> _EXERCISE GOAL_:
The reply should contain only the lines from the start of the records through the line with "Figura 3: Ubicación.", reproduced verbatim and without pictures.

======== DATA UNDER STUDY ========

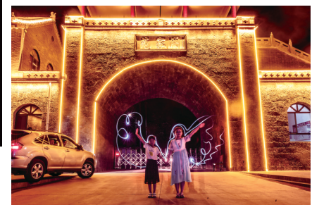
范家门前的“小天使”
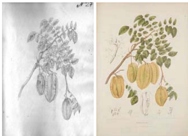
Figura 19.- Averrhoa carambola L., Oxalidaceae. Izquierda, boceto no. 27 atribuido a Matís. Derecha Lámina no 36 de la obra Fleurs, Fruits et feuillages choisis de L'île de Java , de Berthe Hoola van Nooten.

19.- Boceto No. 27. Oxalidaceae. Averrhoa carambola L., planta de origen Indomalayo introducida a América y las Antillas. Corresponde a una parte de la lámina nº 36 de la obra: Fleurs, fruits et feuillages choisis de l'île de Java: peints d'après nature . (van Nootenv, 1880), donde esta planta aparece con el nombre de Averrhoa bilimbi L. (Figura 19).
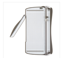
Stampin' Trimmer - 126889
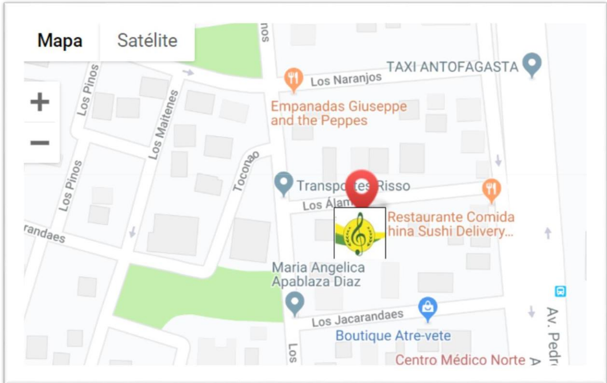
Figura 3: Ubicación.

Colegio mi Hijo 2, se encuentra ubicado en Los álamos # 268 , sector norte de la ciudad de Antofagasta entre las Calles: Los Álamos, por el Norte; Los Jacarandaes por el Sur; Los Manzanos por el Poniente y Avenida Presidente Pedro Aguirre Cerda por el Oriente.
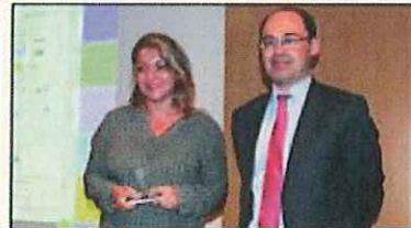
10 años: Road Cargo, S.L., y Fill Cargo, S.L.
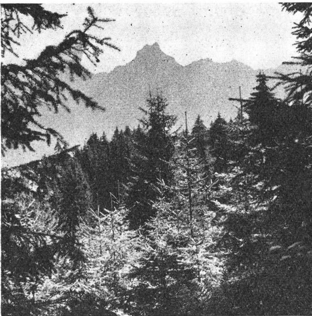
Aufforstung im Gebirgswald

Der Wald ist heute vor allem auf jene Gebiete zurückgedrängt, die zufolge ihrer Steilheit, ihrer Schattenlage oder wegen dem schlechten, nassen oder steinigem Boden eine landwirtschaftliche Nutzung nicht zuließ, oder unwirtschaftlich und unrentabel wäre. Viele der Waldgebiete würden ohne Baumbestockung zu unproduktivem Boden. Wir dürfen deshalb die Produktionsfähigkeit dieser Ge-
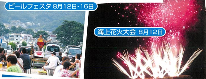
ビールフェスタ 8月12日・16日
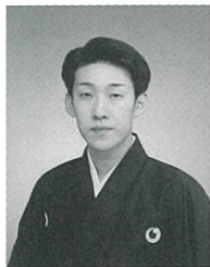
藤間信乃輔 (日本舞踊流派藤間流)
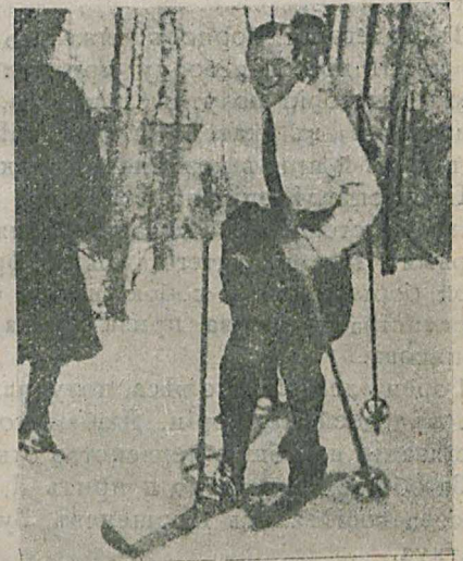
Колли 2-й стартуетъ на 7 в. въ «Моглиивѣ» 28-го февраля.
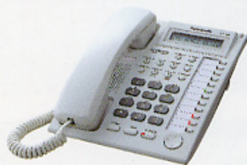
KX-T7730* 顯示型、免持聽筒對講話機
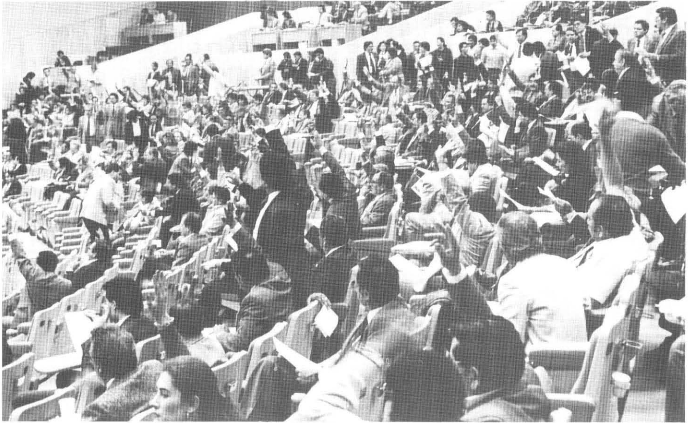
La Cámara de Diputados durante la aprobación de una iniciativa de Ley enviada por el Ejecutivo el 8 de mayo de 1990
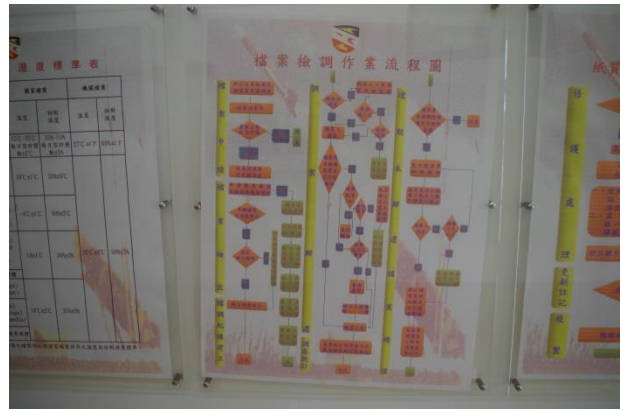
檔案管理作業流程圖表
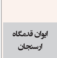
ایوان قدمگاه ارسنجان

========

> _RESPONSE_:
范家门前的“小天使”
Figura 19.- Averrhoa carambola L., Oxalidaceae. Izquierda, boceto no. 27 atribuido a Matís. Derecha Lámina no 36 de la obra Fleurs, Fruits et feuillages choisis de L'île de Java , de Berthe Hoola van Nooten.

19.- Boceto No. 27. Oxalidaceae. Averrhoa carambola L., planta de origen Indomalayo introducida a América y las Antillas. Corresponde a una parte de la lámina nº 36 de la obra: Fleurs, fruits et feuillages choisis de l'île de Java: peints d'après nature . (van Nootenv, 1880), donde esta planta aparece con el nombre de Averrhoa bilimbi L. (Figura 19).
Stampin' Trimmer - 126889
Figura 3: Ubicación.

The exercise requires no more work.